Why are AI hallucinations a problem?

Despite the term indicating it might be a rare phenomenon, hallucinations are far more likely than accurate or factual results as the AI models used in LLMs are merely predictive and focus on the most probable text or outcome, rather than factual accuracy.

Given the widespread use of generative AI tools in the workplace employees are becoming significantly more likely to encounter an AI hallucination. Furthermore, if these fabricated hallucination responses are taken at face value, they could cause significant issues for an organization.
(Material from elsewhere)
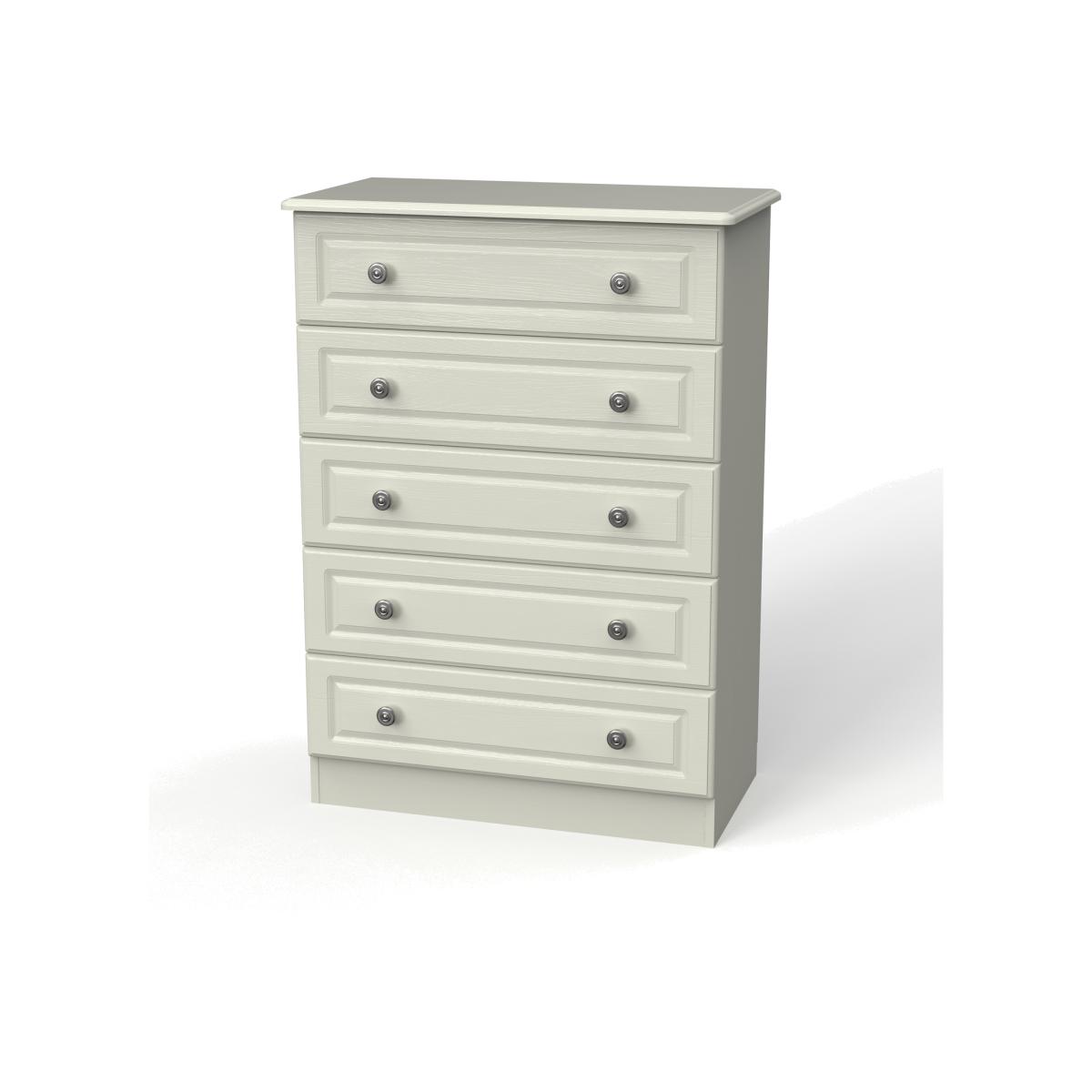 This wide 5 drawer chest of drawers is practical and stylish. Perfect for any home as a free standing storage unit. This lovely, traditional furniture set will be a beautiful addition to any home with its distinctive detailing and robust design. This range offers you plenty of storage options for all your personal items from clothes to smaller bits and pieces. Built to last, these pieces feature scratch resistant veneer which will resist the wear and tear of daily life and will stay looking great for longer. All our furniture is made in the United Kingdom, to the highest quality. It is delivered direct to your location of choice by one of our two man delivery teams, and come full assembled (although legs may be removed to prevent damage in transit).

Use of generative AI in software development

Software developers may use generative AI for recommendations on how to optimize their scripts or code, or to find packages to import into their code for various uses. Software developers may ask LLMs for recommendations on specific pieces of code or how to solve a specific problem, which will likely lead to a third-party package. It is possible that packages recommended by generative AI tools could represent AI hallucinations and the packages may not have been published, or, more accurately, the packages may not have been published prior to the date at which the training data for the model halts. If these hallucinations result in common suggestions of a non-existent package, and the developer copies the code snippet wholesale, this may leave the exchanges vulnerable to attack.

Research conducted by Vulcan revealed the prevalence of AI hallucinations when ChatGPT is asked questions related to coding. After sourcing a sample of commonly asked coding questions from Stack Overflow, a question-and-answer website for programmers, researchers queried ChatGPT (in the context of Node.js and Python) and reviewed its responses. In 20% of the responses provided by ChatGPT pertaining to Node.js at least one un-published package was included, whilst the figure sat at around 35% for Python [4].
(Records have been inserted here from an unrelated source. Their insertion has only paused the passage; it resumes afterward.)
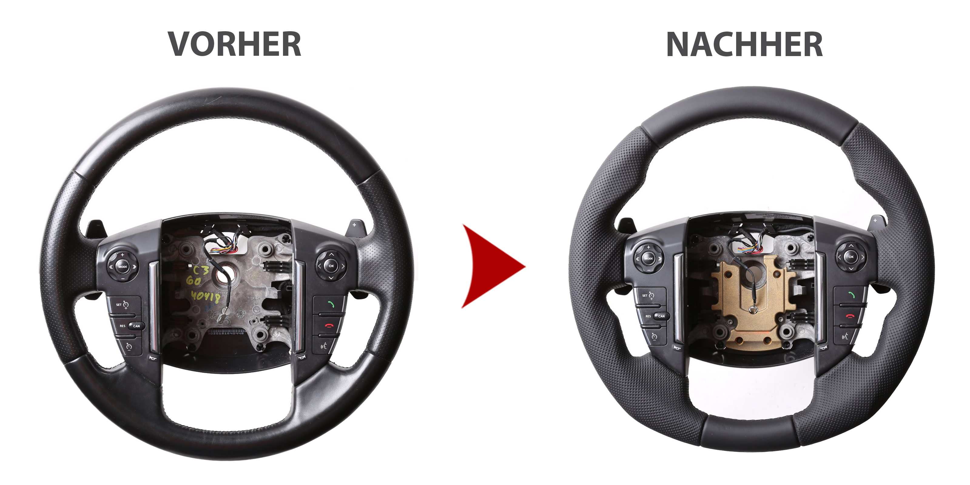 Der Austausch erfolgt ausschließlich gegen ein baugleiches Lenkradmodell. Alle Anbauteile wie Airbag, Multifunktionstasten, Blenden, Schaltwippen oder gar ein Spurhalteassistent übernehmen Sie problemlos von Ihrem Lenkrad. Diese sind nicht im Lieferumfang enthalten.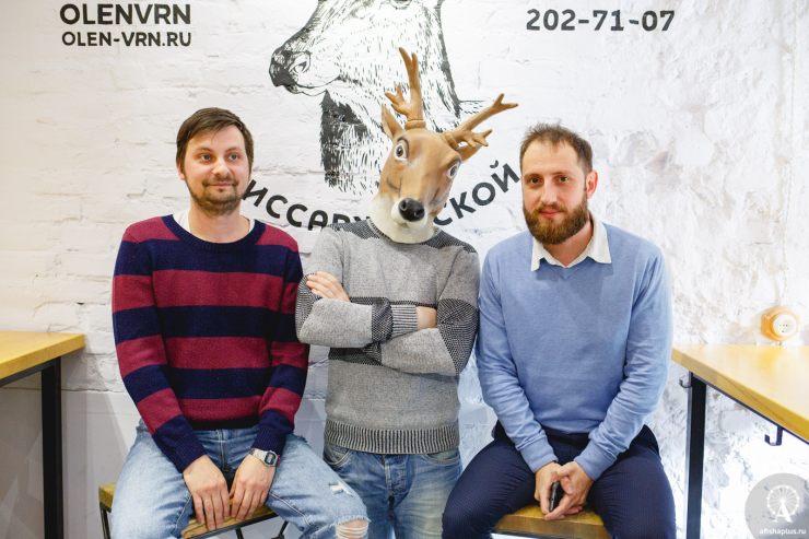 Глядя на все это, мы заинтересовались, кто автор идеи. Таковыми оказались два молодых человека, Никита и Леонид, по совместительству музыканты The Sheepray, одной из самых любимых воронежских групп редакции «Афиша+». Никита еще играет в не менее замечательной группе Happy55. Компанию нам составил и сам Олень. Только на вопросы он не отвечал, ведь олени не разговаривают.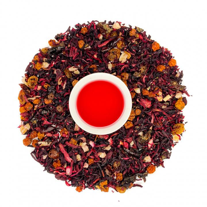 Купаж на основе среднелистового каркаде с добавлением рябины, изюма, кусочков ананаса и шиповника. Ароматизирован натуральными маслами. Сочетание ягодного аромата, кислинки, терпкости гибискуса и фруктовой сладости. Десертный купаж поднимает настроение, снимает стресс и усталость. Сладкий, манящий, насыщенный!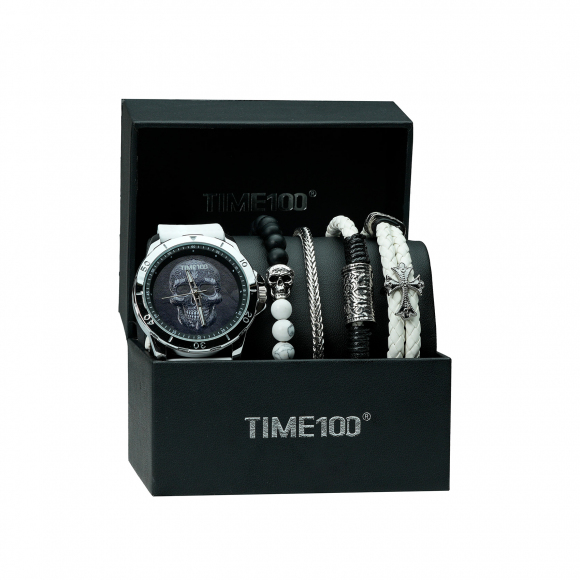 时光一百(TIME100)女表小表盘简约防水女士腕表套装女手链手表七夕礼物送女友W50888L钢色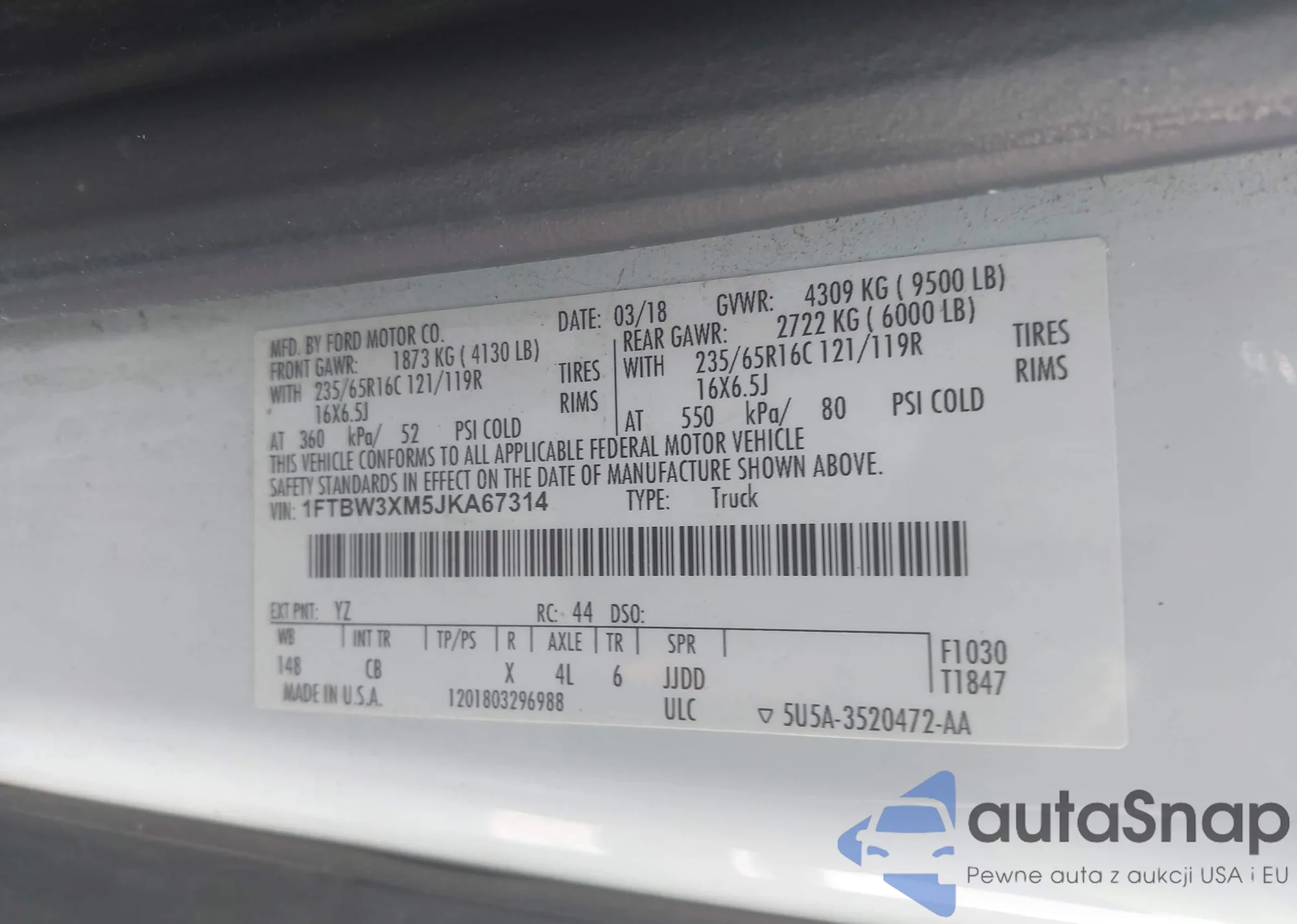 VIN: 1FTBW3XM5JKA67314

Hallucinations can be unpredictable, but would-be attackers are able to find packages to create by asking generative AI tools generic questions and checking whether the suggested packages exist already. As such, attacks using this vector are unlikely to target specific organizations, instead posing more of a widespread threat to users of generative AI tools.

Malicious packages as attack vectors

Although AI hallucinations can be unpredictable, and responses given by generative AI tools may not always be consistent, malicious actors are able to discover AI hallucinations by adopting the approach used by Vulcan. This allows hallucinated packages to be used as attack vectors. Once a malicious actor has discovered a hallucination of an un-published package, they are able to create a package with the same name and include a malicious payload, before publishing it. This is known as a malicious package.

Malicious packages could also be recommended by generative AI tools in the form of pre-existing packages. A user may be recommended a package that had previously been confirmed to contain malicious content, or a package that is no longer maintained and, therefore, is more vulnerable to hijack by malicious actors.

In such scenarios it is not necessary to manipulate the training data (data poisoning) to achieve the desired outcome for the malicious actor, thus a complex and time-consuming attack phase can easily be bypassed.

An unsuspecting software developer may incorporate a malicious package into their code, rendering it harmful. Deployment of this code could then result in compromise and escalation into a full-blown cyber-attack.

Figure 1: Flow diagram depicting the initial stages of an AI Package Hallucination Attack.

For providers of Software-as-a-Service (SaaS) products, this attack vector may represent an even greater risk. Such organizations may have a higher proportion of employed software developers than other organizations of comparable size. A threat actor, therefore, could utilize this attack vector as part of a supply chain attack, whereby a malicious payload becomes incorporated into trusted software and is then distributed to multiple customers. This type of attack could have severe consequences including data loss, the downtime of critical systems, and reputational damage.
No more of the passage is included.